The Yukon's Peel River Watershed is one of the largest and most beautiful intact natural areas left in North America. Industrial development threatens to fragment this stunning landscape and harm its delicate ecological balance. The Peel watershed is the northern anchor of the Yellowstone to Yukon Conservation Initiative, and part of the Canadian and international campaign to protect the boreal forest.
Conserving the Peel Watershed is important for all of North America. The watershed is critical to the survival of wide-ranging wildlife, it's an ancient cultural landscape for First Nations, and the region supports a burgeoning tourism industry. The pristine wild rivers, valleys and mountains of the Peel will become even more important as a sanctuary for wild species as the impacts of climate change are felt. By conserving it, we will protect one of the finest remaining mountain boreal ecosystems in the world.
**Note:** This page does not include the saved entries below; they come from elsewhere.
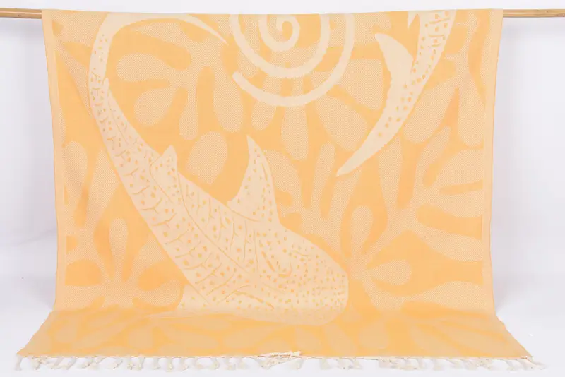 The beach towel is characterized by its material composition, which is 100% organic cotton, ensuring excellent absorbency and sustainability. Measuring 70x40 inches or 180x100 cm, the towel weighs 450 grams or 15.9 ounces, with a hand-weaving tolerance of 1-2.5 cm.
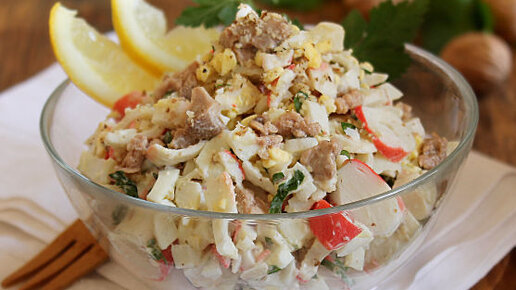 Прекрасно впишется в новогоднее меню. Салат из крабовых палочек и печени трески
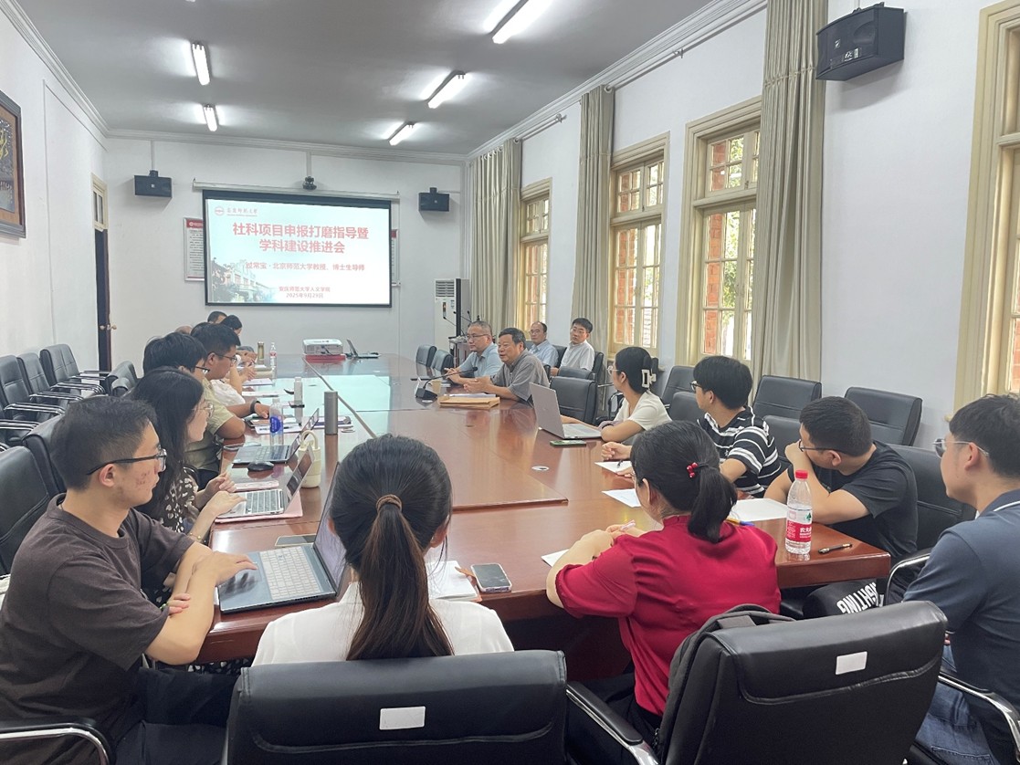 为深入贯彻落实国家关于推动哲学社会科学高质量发展的战略部署,进一步提升Beat365官网科研项目申报质量与学科建设水平,2025年9月29日,北京师范大学文学院教授、博士生导师过常宝应邀莅临Beat365中文官方网站,开展了题为“新时代背景下人文社科项目的申报策略与学科建设路径”的专题指导活动。Beat365中文官方网站骨干教师及青年教师代表参加活动,Beat365中文官方网站院长汪孔丰主持会议。
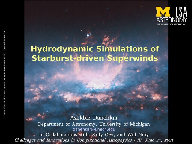Collaborations with: Sally Oey, and Will Gray Challenges and Innovations in Computational Astrophysics - III, June 21, 2021 Hydrodynamic Simulations of Starburst-driven Superwinds Superbubble in NGC 3079 (Credit: X-ray:NASA/CXC/UMich/J-T Li;Optical:NASA/STScI)

Located at the northern end of the Rocky and Mackenzie Mountain Chain, the Peel River Watershed is a spectacularly rugged region defined by the Peel, Ogilvie, Blackstone, Hart, Wind, Snake and Bonnet Plume rivers. One of Canada's most striking and pristine mountain river watersheds, the Peel is the heart of a great mountain ecosystem with a long cultural history, free-ranging wildlife and a rugged northern beauty. Sprawling over 26,000 square miles (68,000 square kiliometers), or 16 million acres (6.8 million hectares), the Peel Watershed dwarfs more famous landscapes, such as Banff and Yellowstone national parks–in size, unspoiled splendor and ecological integrity.
The Peel Watershed is one of North America's largest intact ecosystems–a region of mountains, deep canyons, plateaus, wetlands and rolling hills laced by rivers. The watershed is the northern anchor of the Yellowstone to Yukon Conservation Initiative, a broad-based international project to protect ecosystem connections for wildlife.